Comment by sigwinch28

Comment by sigwinch28 10 hours ago

5 replies

Or it’s simply an indicator of a schema that has not been excessively normalised (why create an addresses_cities table just to ensure no duplicate cities are ever written to the addresses table?)

valiant55 8 hours ago

It depends when you see it, but I agree that DISTINCT shouldn't be used in production. If I'm writing a one off query and DISTINCT gets me over the finish line sparing me a few minutes then that's fine.

sgarland 3 hours ago

Because a city/region/state can be uniquely identified with a postal code (hell, in Ireland, the entire address is encapsulated in the postal code), but the reverse is not true.

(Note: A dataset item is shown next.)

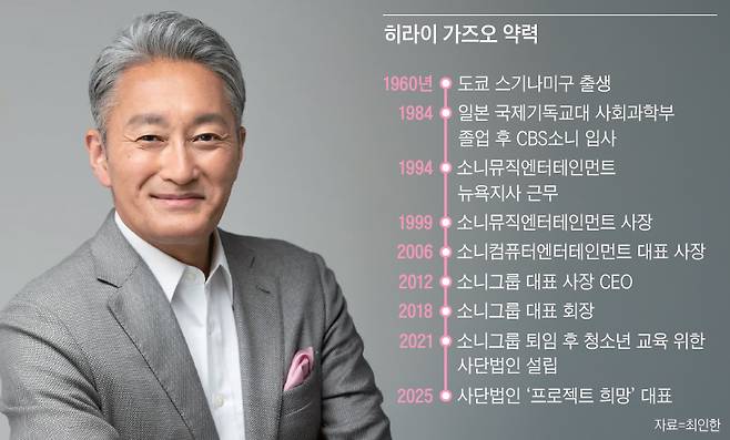 일본에서 65세 이상 고령자의 노후 생활과 성공한 최고경영자(CEO)로 은퇴한 히라이 가즈오(平井一夫·사단법인 ‘프로젝트 희망’ 대표·이하 히라이) 전 소니그룹(이하 소니) 회장의 인생 2막 스토리를 소개한다.

At scale, repeated low-cardinality columns matter a great deal.

  • virissimo an hour ago

    There are ZIP codes that overlap a city and also an unincorporated area. Furthermore, there are zip codes that overlap different states. A data model that renders these unrepresentable may come back to bite you.

  • pbnjay an hour ago

    FYI this is not true in the US. Zip codes identify postal routes not locations

echelon 5 hours ago

DISTINCT, as well as the other aggregation functions, are fantastic for offline analytics queries. I find a lot of use for them in reporting, non-production code.